I think it would be kinda cute if villagers who moved away from your town could write letters to you once in a while if you reached a certain friendship level with them. So if you were best friends and they moved, they could send you a letter telling you about their new town or things they've done, and maybe you could write back to them? Possibly there could be special dialogue that indicates you could do this, maybe when the villager is in boxes they could say something like "I'll make sure to write to you when I can, make sure you write back!" etc.


----------



## Alexis (Dec 19, 2018)

Mayor Kera said:


> I really want Amiibo compatibility so I can scan my Amiibo cards.
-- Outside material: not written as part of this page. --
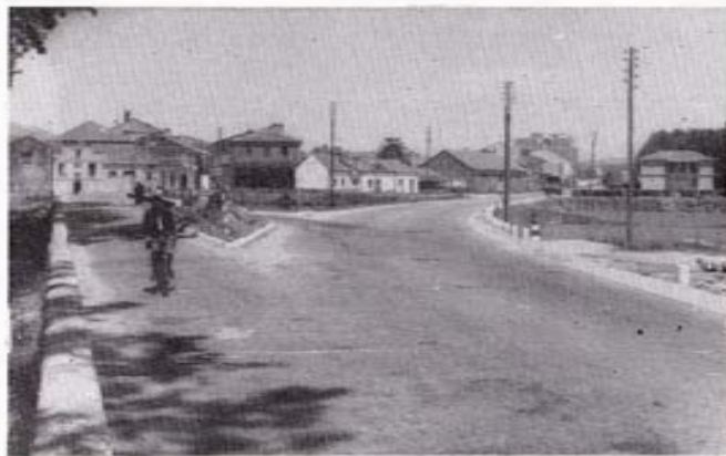
Entrada norte de la villa
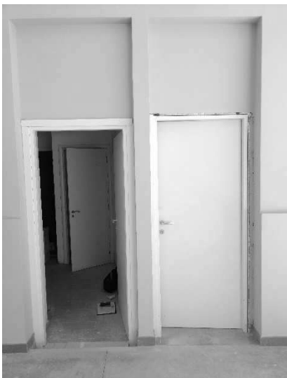
Figura 9 - Ripresa 7: Porte accessi vani accessori

I totally agree! It would be a shame to have wasted all that money...


----------



## jvgsjeff (Dec 20, 2018)

Something small but very important for online players: Speech bubbles need to remain on-screen even when we're going through doorways. Too many times I'm afraid to go through a doorway until someone responds, since a message would often be gone by the time I come out of the door and was able to see it. For that matter, they should stay on-screen longer than 5 seconds. Maybe 30 seconds (like in City Folk) is overkill, but 10-15 seconds would be a huge improvement.


----------



## MapleSilver (Dec 22, 2018)

I wish that letters you receive would contain the date which they were sent on. I like to save particularly good letters I receive, and it would be nice to know the exact date instead of having to guess.


----------



## Funfun11 (Dec 23, 2018)

I *hate* bees. The bee in the museum gives me the chills.
But I admit I use the open train station gate to avoid them... way too much.
If there were multiple players in a town when the beehive fell, just have them chase the closest player.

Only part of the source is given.